MOSCOW (MRC) -- Crude oil futures were higher during mid-morning Asian trade Sept. 2 as the US' manufacturing data for August was stronger-than-expected and a private inventory report released late Sept. 1 showed a large surprising decline in the US' commercial crude inventories, reported S&P Global.
At 10:28 am Singapore time (0228 GMT), ICE Brent November crude futures were up 38 cents/b (0.83%) from the Sept. 1 settle at USD45.96/b, while the NYMEX October light sweet crude contract was up 36 cents/b (0.84%) at USD43.12/b. The ICE Brent November crude futures had settled at USD45.58/b at the end of the Sept. 1 trading session, while NYMEX October had settled at USD42.76/b.
"The forward-looking market had another sentiment reinforcement to work with in the form of the August US Institute for Supply Management manufacturing index surprise," Pan Jingyi, market strategist at IG, said Sept. 2.
"The more closely watched reading compared to the Markit index had yielded a surprise for August. Headline ISM manufacturing index having risen to 56.0, had reflected continued expansion for the US economy. It also marks the third consecutive reading above the 50 level," she added.
Better-than-expected US manufacturing data also came a day after a private gauge of Chinese manufacturing activity. The Caixin/Markit manufacturing PMI grew strongly, while official data released by the National Bureau of Statistics of China on Aug. 31 showed Chinese services PMI at its highest since 2018.
Meanwhile, a private inventory report by the American Petroleum Institute released Sept. 1 showed a larger-than-expected drawdown in US crude stockpiles for the week ended Aug. 28.
"With one more week of US driving season left, oil prices received a much needed helping hand from a bullish to consensus oil inventory draw. The American Petroleum Institute reported on Tuesday (Sept. 1) crude oil inventories declined 6.36 million barrels against a 1.8 million consensus," Stephen Innes, chief global markets strategist at AxiCorp, said in a Sept. 1 note.

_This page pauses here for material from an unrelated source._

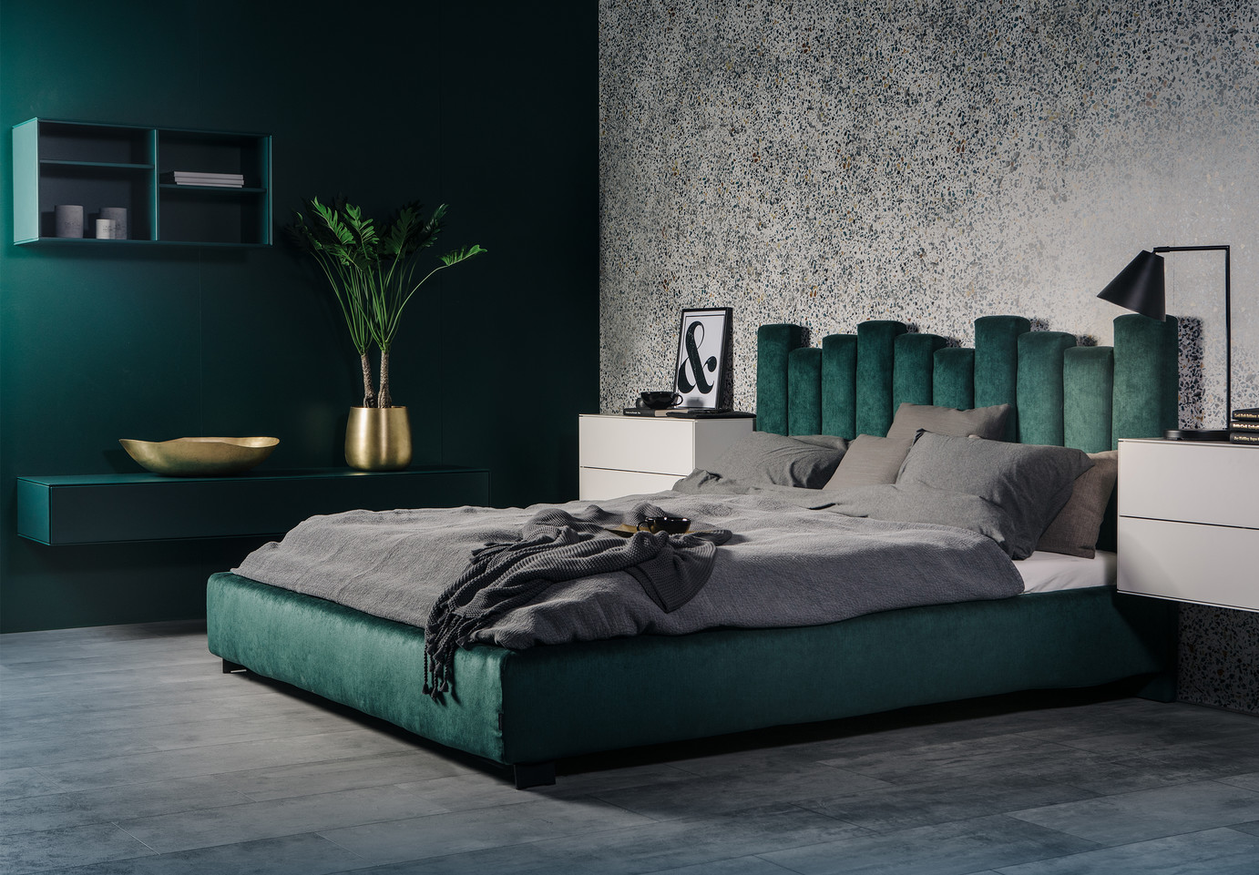 The selection of material guides the sensory perception of a sleek, refined interior. The concrete effect finish with the metal base stands out in the interior with the extended, substantial effect of the ceramic top with plate flared edge and it enhances the impact of its heft to highlight its brightness.

Market participants will look to the more definitive weekly US inventory report due for release by the Energy Information Administration later Sept. 2 for further cues. Notably, it will be the sixth consecutive week of drawdown in US commercial crude inventories if the official EIA data confirms the API industry report released on Sept. 1 and would be ultimately bullish for the global crude complex.
Earlier this year, as MRC wrote before, BP said the deadly coronavirus outbreak could cut global oil demand growth by 40 per cent in 2020, putting pressure on Opec producers and Russia to curb supplies to keep prices in check.
And in September 2019, six world's major petrochemical companies in Flanders, Belgium, North Rhine-Westphalia, Germany, and the Netherlands (Trilateral Region) announced the creation of a consortium to jointly investigate how naphtha or gas steam crackers could be operated using renewable electricity instead of fossil fuels. The Cracker of the Future consortium, which includes BASF, Borealis, BP, LyondellBasell, SABIC and Total, aims to produce base chemicals while also significantly reducing carbon emissions. The companies agreed to invest in R&D and knowledge sharing as they assess the possibility of transitioning their base chemical production to renewable electricity.
Ethylene and propylene are feedstocks for producing polyethylene (PE) and polypropylene (PP).
According to MRC's DataScope report, PE imports to Russia dropped in January-June 2020 by 7% year on year to 328,000 tonnes. High density polyethylene (HDPE) accounted for the main decrease in imports. At the same time, PP imports into Russia rose in the first six months of 2020 by 21% year on year to 105,300 tonnes. Propylene homopolymer (homopolymer PP) accounted for the main increase in imports.